Tomalak对现有的SO问题发表了出色的回应:
它几乎对我有用,但我需要计算两个日期之间的营业时间差异,不包括周末,即使不到一周的时间。我的解决方案添加了一个while循环(可能有点天真,对建议开放!)并在假日查找表中添加假期检查。
修改 我不是在寻找传统意义上的答案,只是想轻松回到它并打开它来批评未来可能遇到它的人。
ALTER FUNCTION dbo.udfDateDiffBusinessHours (
@date1 DATETIME,
@date2 DATETIME
) RETURNS DATETIME AS
BEGIN
DECLARE @sat INT
DECLARE @sun INT
DECLARE @workday_s INT
DECLARE @workday_e INT
DECLARE @basedate1 DATETIME
DECLARE @basedate2 DATETIME
DECLARE @calcdate1 DATETIME
DECLARE @calcdate2 DATETIME
DECLARE @iteratordate DATETIME
DECLARE @cworkdays INT
DECLARE @coffdays INT
DECLARE @returnval INT
SET @workday_s = 480 -- work day start: 8 hours
SET @workday_e = 1080 -- work day end: 18 hours
-- calculate Saturday and Sunday dependent on SET DATEFIRST option
SET @sat = CASE @@DATEFIRST WHEN 7 THEN 7 ELSE 7 - @@DATEFIRST END
SET @sun = CASE @@DATEFIRST WHEN 7 THEN 1 ELSE @sat + 1 END
SET @calcdate1 = @date1
SET @calcdate2 = @date2
-- @date1: assume next day if start was after end of workday
SET @basedate1 = DATEADD(dd, 0, DATEDIFF(dd, 0, @calcdate1))

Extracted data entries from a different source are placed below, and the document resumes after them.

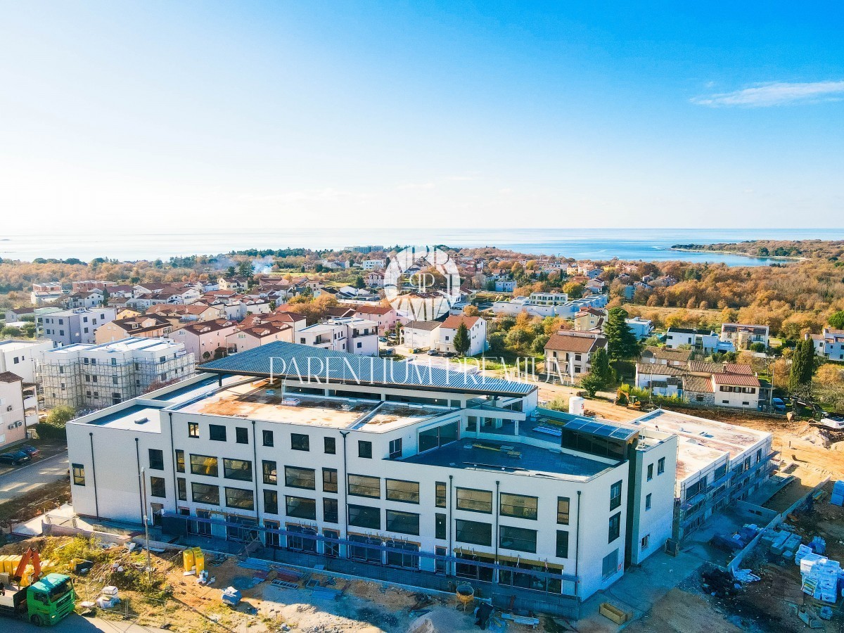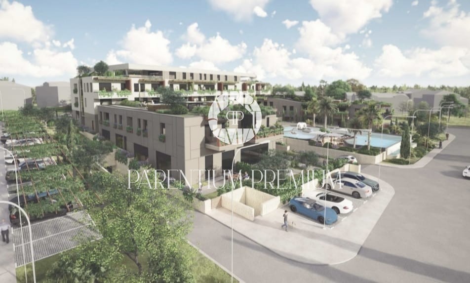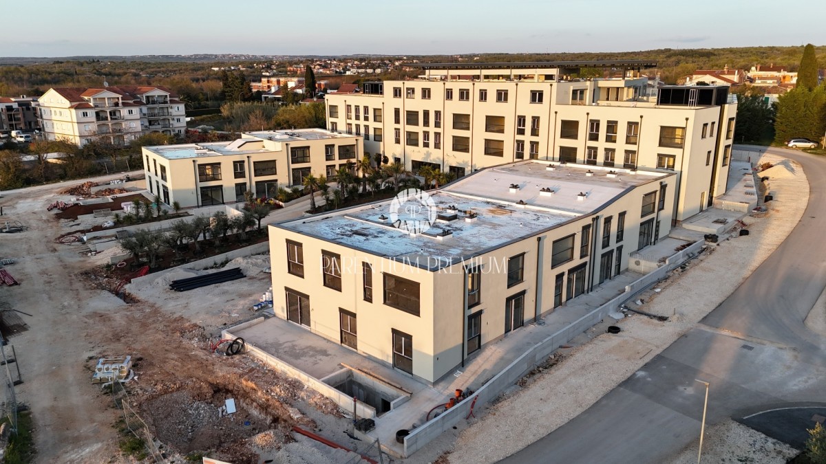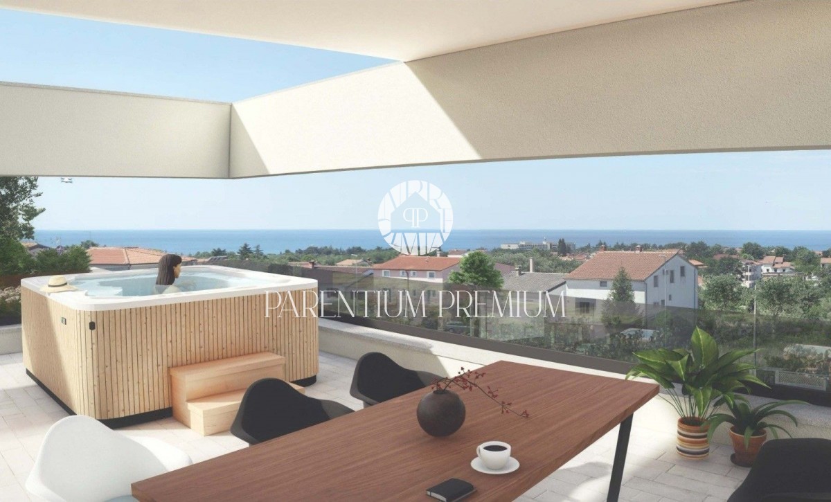 Luxury penthouse for sale on the 3rd floor C302 in a luxurious residential and commercial building with an impressive area of 147.2m2 with a swimming pool and a roof terrace with a great view of the city of Poreč and the sea.
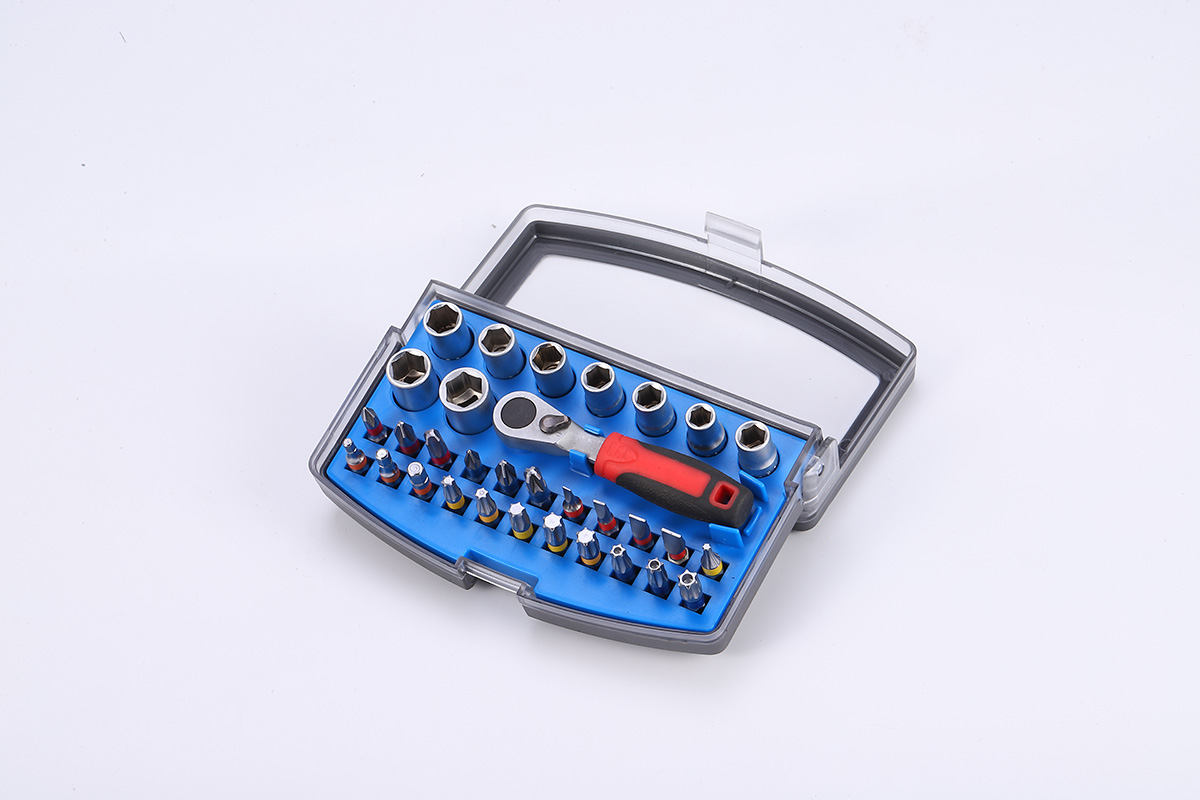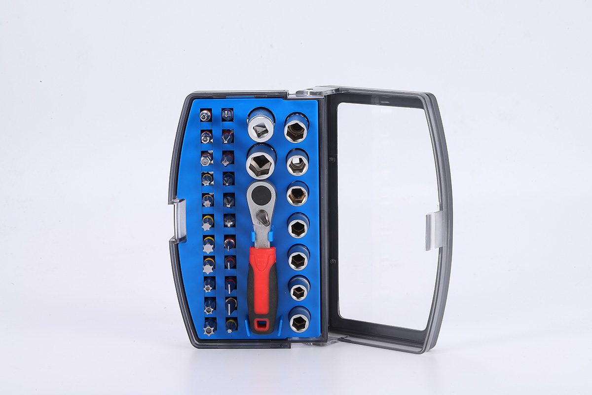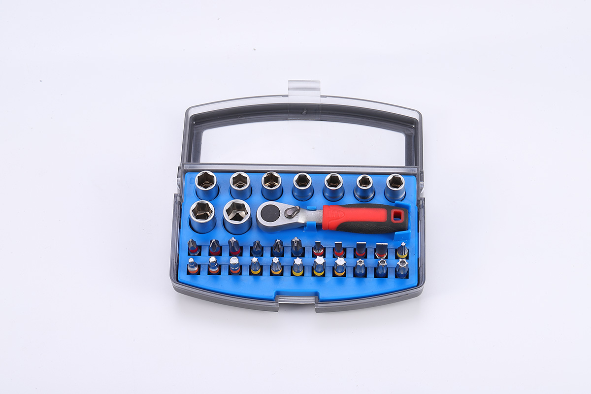 LOKALIZACJA > Dom > CENTRUM PRODUKTÓW > Zestaw bitów do śrubokrętów > Zestaw 32 nasadek i bitów zapadkowych Wysokiej jakości stal S2 zapewnia wysoką zdolność przenoszenia sił, trwałość i elastyczność.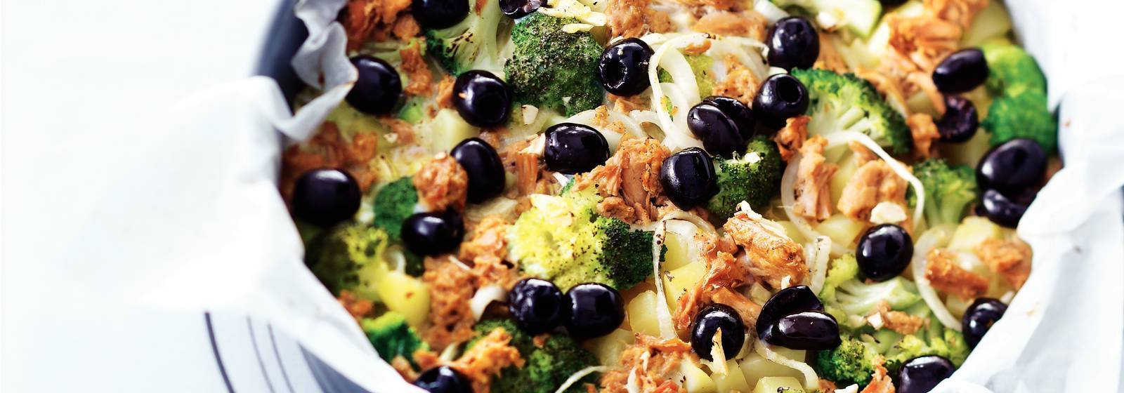 Une recette savoureuse. Le plat principal contient les ingrédients suivants: poisson, pommes de terre (pelées, pelées), brocoli (en petits fleurons), huile d'olive, oignons (en rondelles), thon (en huile d'olive (a 160 g), égoutté), olives noires (sans pépins). pot 240 g)), œufs et ail (hachés finement).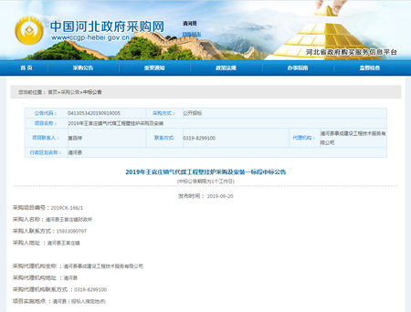 喜報(bào)頻傳,河北光源太陽能科技有限公司,在2019年09月16日,2019年王官莊鎮(zhèn)氣代煤工程壁掛爐采購及安裝項(xiàng)目的競標(biāo)中,憑借過硬的產(chǎn)品質(zhì)量,扎實(shí)高效的工作作風(fēng),卓越的運(yùn)作團(tuán)隊(duì)和良好的企業(yè)信譽(yù),以絕對(duì)的優(yōu)勢順利中標(biāo)。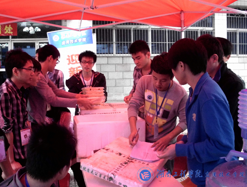 南校区的迎新接待点设在实验楼,当新生们心中满怀着憧憬与向往,踏着初秋的步伐,披着朝阳的光辉走进校园时,每位新生从到校到报名结束都会有一位志愿者全程陪同和指导,负责其报名,付款,领取生活用品,填入住信息,直到最后带到宿舍。有些热情的志愿者会把自己的联系方式留给新生,以便日后加强联系,相互帮助,真可谓是服务全方位,沟通零距离。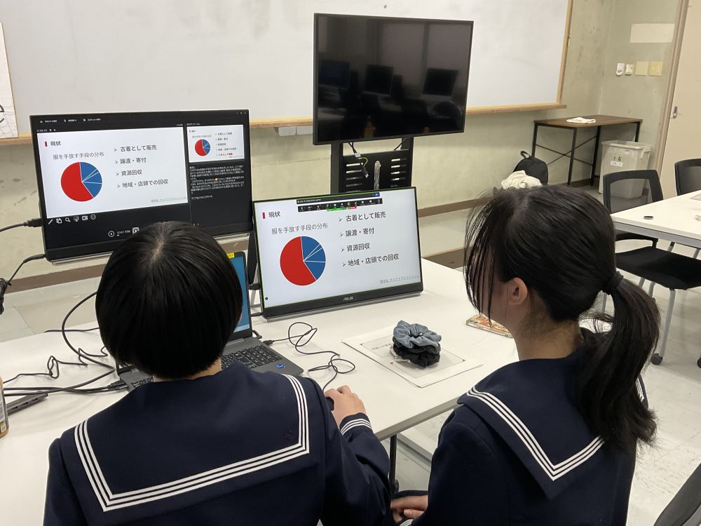 環境省のデータを分析し、衣服を手放す手段として60%がゴミとして廃棄される現状から、衣服のリメイクやリフォームによる衣服への愛着の重要性を、リメイクやリフォームの実践も含めて探究してきました。さらに、学生サミットでは、その探究の成果とSDGsを関連付けて発表しました。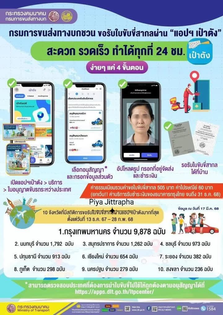 根據統計,自2024年12月13日至2025年2月28日,使用「Paotang」申請國際駕照人數持續增加,申請量最多的 10 個府分別為:曼谷9,878 份、暖武里府1,792 份、北欖府1,262 份、春武里府973 份、巴吞他尼府913 份、清邁府654 份、羅勇府382 份、普吉府298 份、佛統府279 份、宋卡府236 份。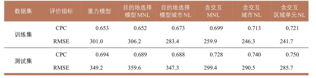 将此交互变量纳入候选变量集进行模型标定与验证,结果见表5 和表6。可以看出,GDPoxd系数较大且具有显著正向影响。MNL 模型测试集的CPC 从重力模型的0.694提升至0.728,NL 模型进一步提升至0.740;如果将Nest 按区域单元划定,CPC 可达0.750;测试集RMSE 较重力模型提升18%。这说明,即使在缺乏离散个体数据的情况下,引入有效的交互项仍能显著提升目的地选择模型在区域出行分布预测中的性能,使其优于重力模型。同时,Nest划分越符合实际决策结构,越能准确刻画出行选择行为。然而,若模型中缺失关键交互变量,NL 模型的表现可能反而不如MNL 模型。这是因为模型无法捕捉不同出发地居民的出行习惯差异,导致选择行为描述出现偏差,此时即便优化Nest结构也难以弥补这一缺陷。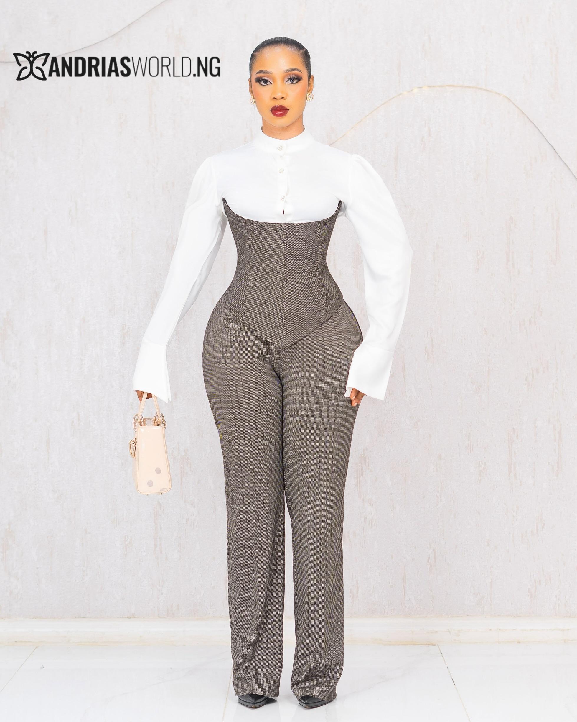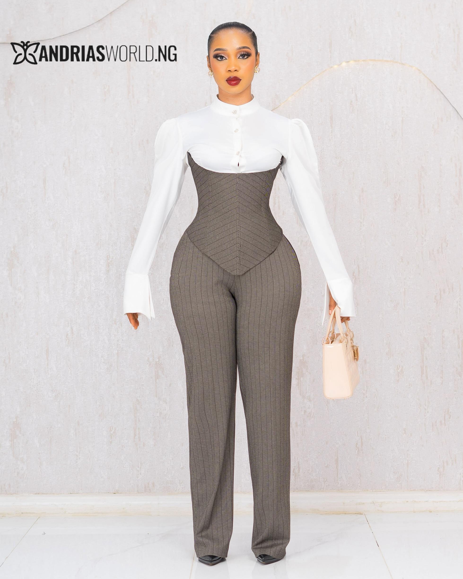 DARK GREY THREE PIECE CORSET TROUSER SET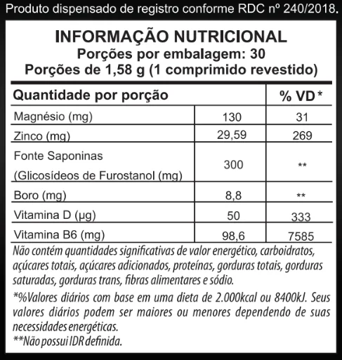 Contém 60 comprimidos. Recomendação de consumo de 1 comprimido ao dia. Indicado para maiores de 19 anos.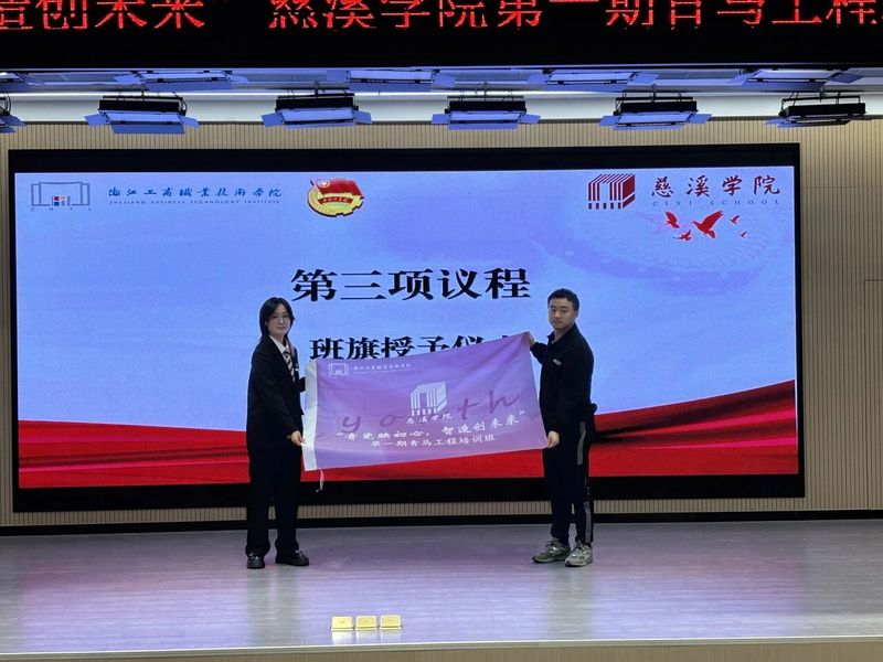 2024年11月3日下午18:00,慈溪学院第一期“青瓷映初心,智造创未来”大学生工匠培养计划暨青马工程培训班开班仪式在慈溪学院报告厅举行。本次开班仪式由裘酉年作为主持人,并且邀请了慈溪学院党总支副书记陈建明、校团学指导老师陈烁、团总支书记邵烨波老师、学生会秘书长方益杭老师出席此次开班仪式。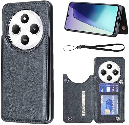 【Aqier】For XIAOMI Redmi 14C 用 ケース 背面手帳型 軽い薄い 純色 レザーケース(ブラック)シャオミ レッドミー14c ケースカード入れ 片手操作 バックカバー シャオミredmi14c 黒 a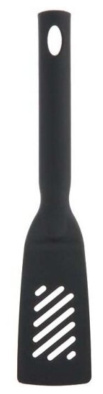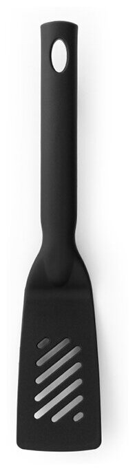 Лопатка "Brabantia" изготовлена из термостойкого пластика черного цвета. Такой лопаткой удобно перемешивать, переворачивать блюда при жарке (например, стейки, отбивные или рыбу), а также раскладывать блюда на тарелки. Рабочая поверхность лопатки оснащена прорезями для стекания излишков масла и жира. На ручке имеется небольшое отверстие, за которое лопатку можно подвесить в любом удобном для вас месте.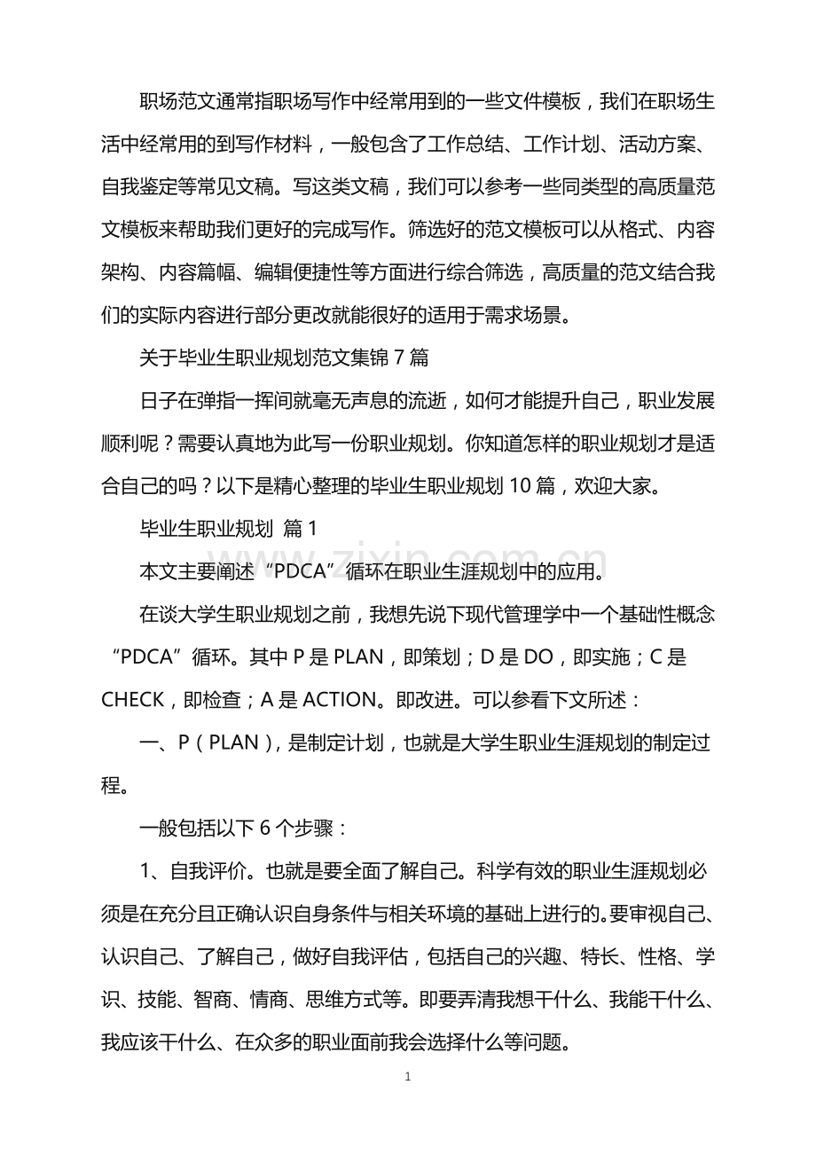 关于毕业生职业规划范文集锦7篇
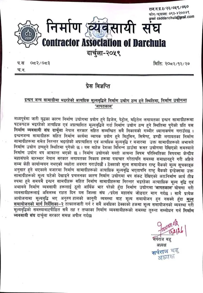 दार्चुला। दार्चुला निर्माण व्यवसायी संघले इन्धन तथा निर्माण सामग्रीको निरन्तर मूल्यवृद्धिका कारण जिल्लाको निर्माण क्षेत्र गम्भीर संकटमा परेको जनाएको छ। संघले गत शुक्रबार जारी गरेको प्रेस विज्ञप्तिमा वर्तमान अवस्था कायमै रहे निर्माण उद्योग नै ठप्प हुने चेतावनी दिएको हो।

SET @calcdate1 = CASE WHEN DATEDIFF(mi, @basedate1, @calcdate1) > @workday_e
THEN @basedate1 + 1
ELSE @calcdate1
END
-- @date1: if Saturday or Sunday, make it next Monday
SET @basedate1 = DATEADD(dd, 0, DATEDIFF(dd, 0, @calcdate1))
SET @calcdate1 = CASE DATEPART(dw, @basedate1)
WHEN @sat THEN @basedate1 + 2
WHEN @sun THEN @basedate1 + 1
ELSE @calcdate1
END
-- @date1: assume @workday_s as the minimum start time
SET @basedate1 = DATEADD(dd, 0, DATEDIFF(dd, 0, @calcdate1))
SET @calcdate1 = CASE WHEN DATEDIFF(mi, @basedate1, @calcdate1) < @workday_s
THEN DATEADD(mi, @workday_s, @basedate1)
ELSE @calcdate1
END
-- @date2: assume previous day if end was before start of workday
SET @basedate2 = DATEADD(dd, 0, DATEDIFF(dd, 0, @calcdate2))
SET @calcdate2 = CASE WHEN DATEDIFF(mi, @basedate2, @calcdate2) < @workday_s
THEN DATEADD(mi, @workday_e, @basedate2 - 1)
ELSE @calcdate2
END
-- @date2: if Saturday or Sunday, make it previous Friday
SET @basedate2 = DATEADD(dd, 0, DATEDIFF(dd, 0, @calcdate2))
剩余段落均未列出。